Having an official for the half-ice games provides players with more structure than cross-ice games at the Initiation level. It also presents a more realistic game environment, while allowing the coaches to keep their focus on the players.
Flexibility is an important component to operating in a one-official system within the Novice structure. There is no absolute way to handle every possible scenario. However, game flow and establishing a basic structure to the game is the primary focus. Officials will NOT be required to call infractions for icing or off-side as the appropriate rink dimensions and markings are not available.
There will be one face-off location. This will be located approximately halfway between the goals (see Figure 5).

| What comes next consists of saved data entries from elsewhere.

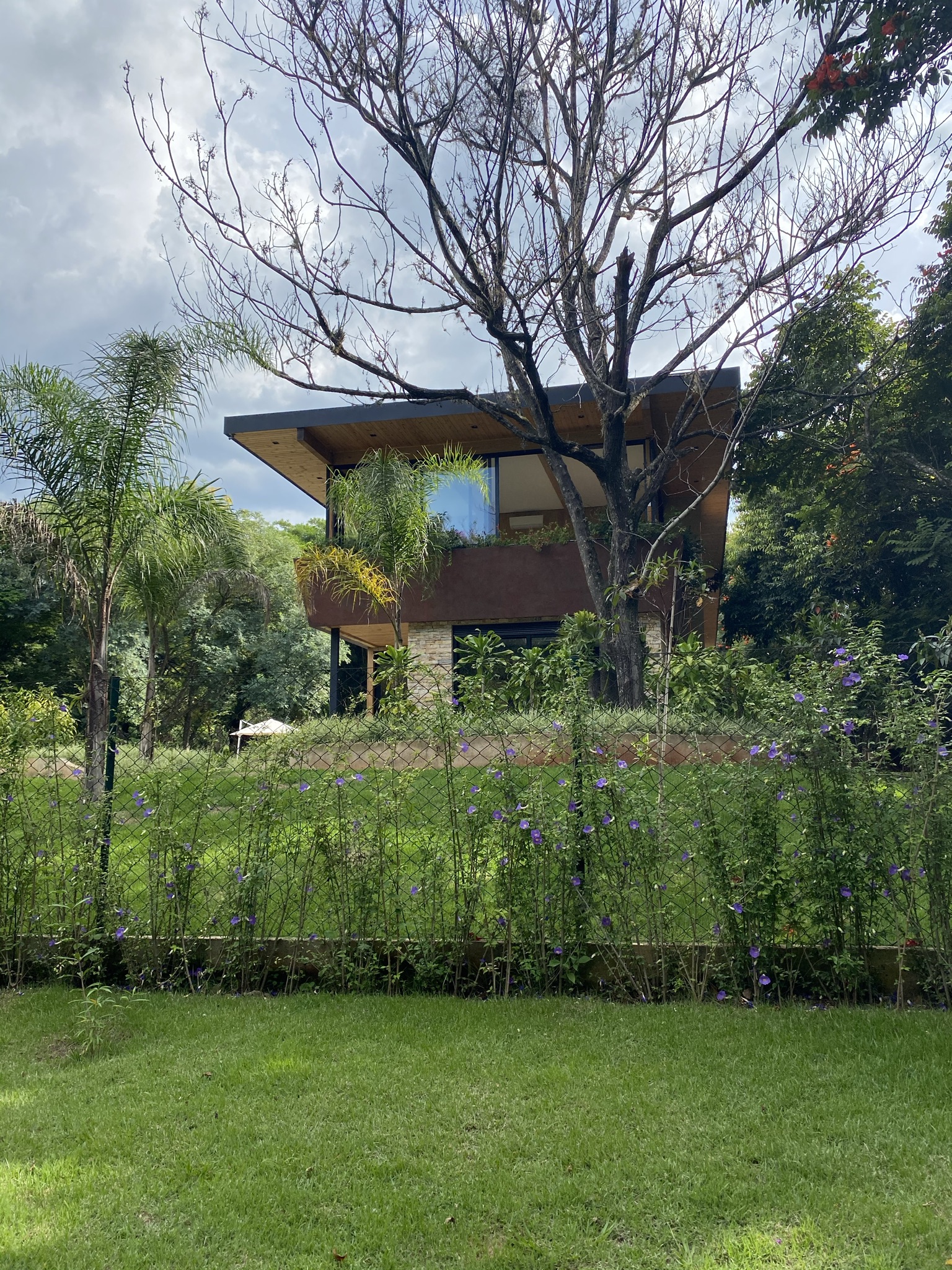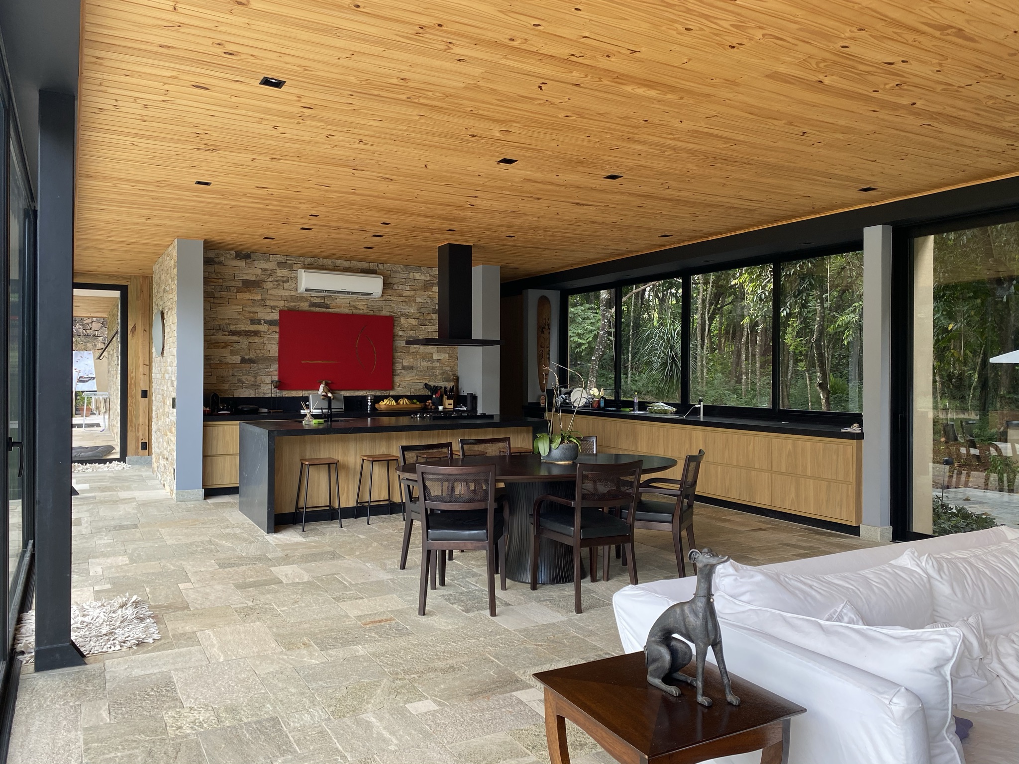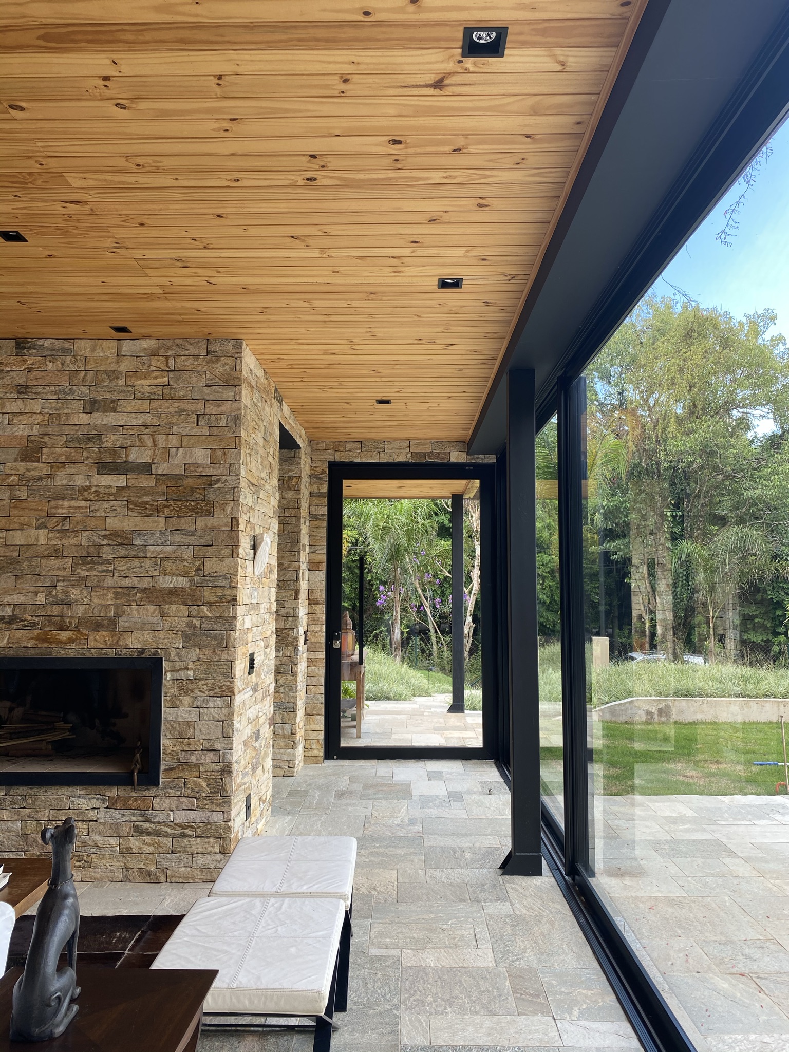 Estrutura: estrutura híbrida composta por pilares e vigas metálicos no pavimento térreo, com vedações de wood-frame. No segundo pavimento, paredes estruturais e lajes de piso de CLT, cobertura de MLC e OSB;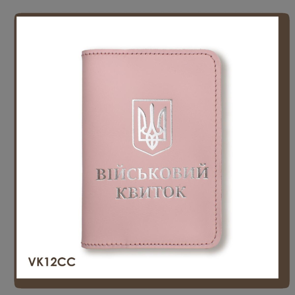 VK12CC Babylon Обкладинка для військового квитка з Гербом 10x14 см рожева, срібне тиснення, шкіра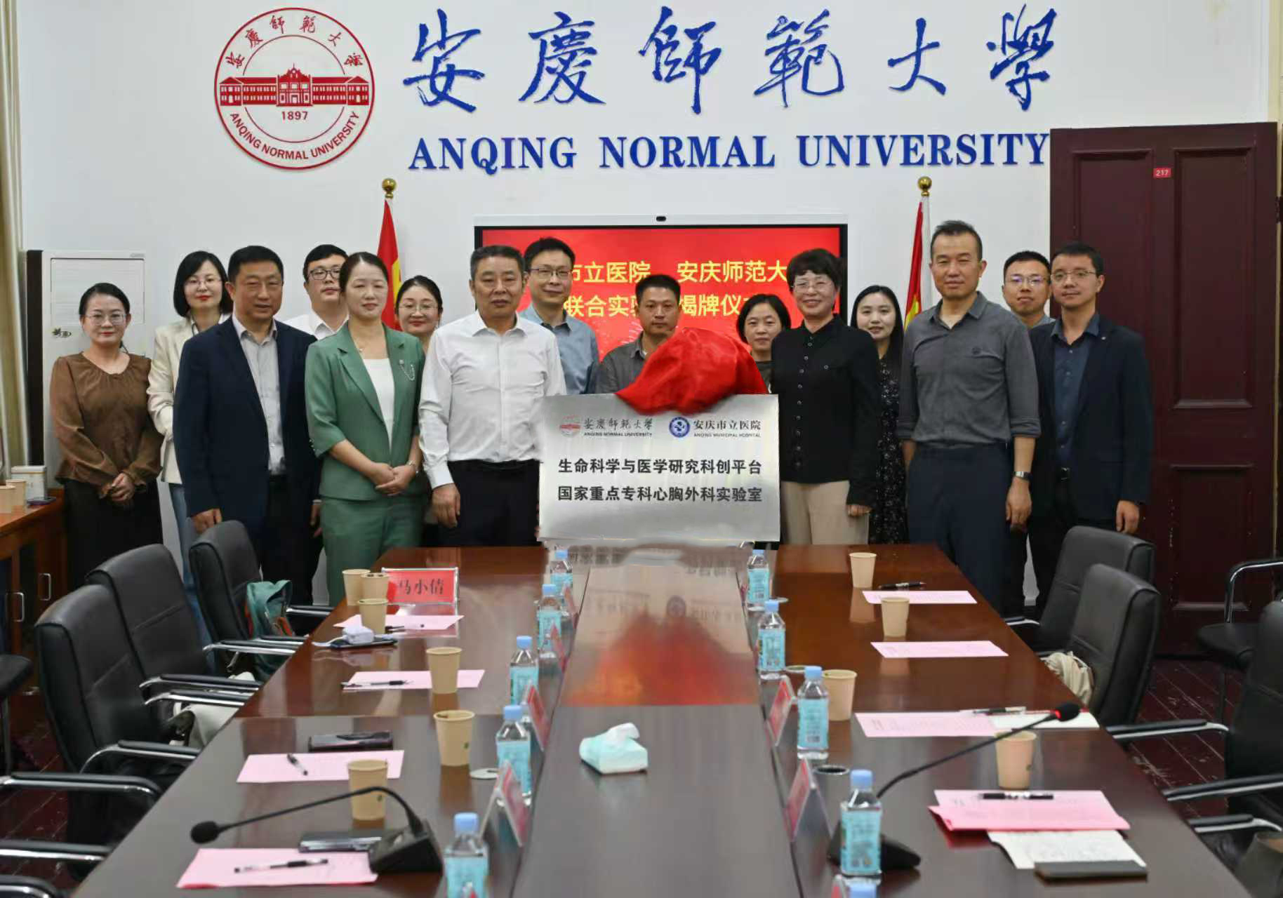 9月24日上午,由我校和安庆市立医院共建的“生命科学与医学研究科创平台暨国家重点专科心胸外科实验室”揭牌仪式在菱湖校区红楼217会议室举行,校长彭凤莲与安庆市立医院党委副书记、院长刘建共同为实验室揭牌。安庆市立医院党委委员、副院长朱娟,双方相关职能部门负责人、学科带头人及科研骨干出席仪式。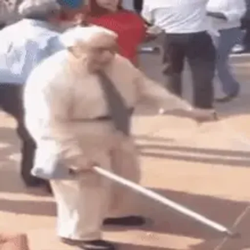 Um homem mais velho com um casaco branco e gravata cinza, parecendo dançar ou se mover de forma engraçada, segura um objeto longo, possivelmente um taco ou vara, em uma cena ao ar livre com outras pessoas ao fundo.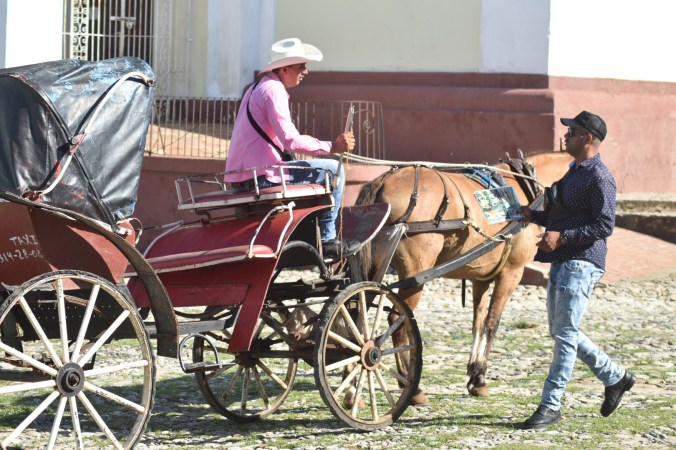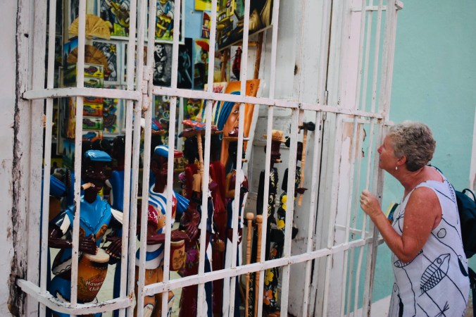 We had to go to Trinidad this morning – to get money from the ATM to settle our hostal bill and to confirm a taxi ride to Santa Clara for tomorrow. So, armed with Imodium supplies we set off in a rusty old Chevrolet to the city. Not only did I graze my leg on the rusty metal getting into the car, but Steve hit his head a cropper getting out! It was going to be one of those days.

Coaches and arena staff may mark the centre face-off location with a temporary marking for game play purposes.
Foundational positioning principles will be used. The concept of the ‘cone’ should be reserved for when full-ice play begins. Under the half-ice structure, approximate positioning should be used to get officials comfortable with their proximity to the goal (see Figure 6). Officials should follow the play approximately 2-3 metres behind the puck carrier. They should remain about one metre from the boards or playing area perimeters. The examples on Figure 6 show guidelines for establishing recommended end-zone positions.
Officials are encouraged to move towards the net on goal situations and away from the play towards the boards as play comes towards them, allowing players to pass by; the official can then follow up the ice at a safe distance.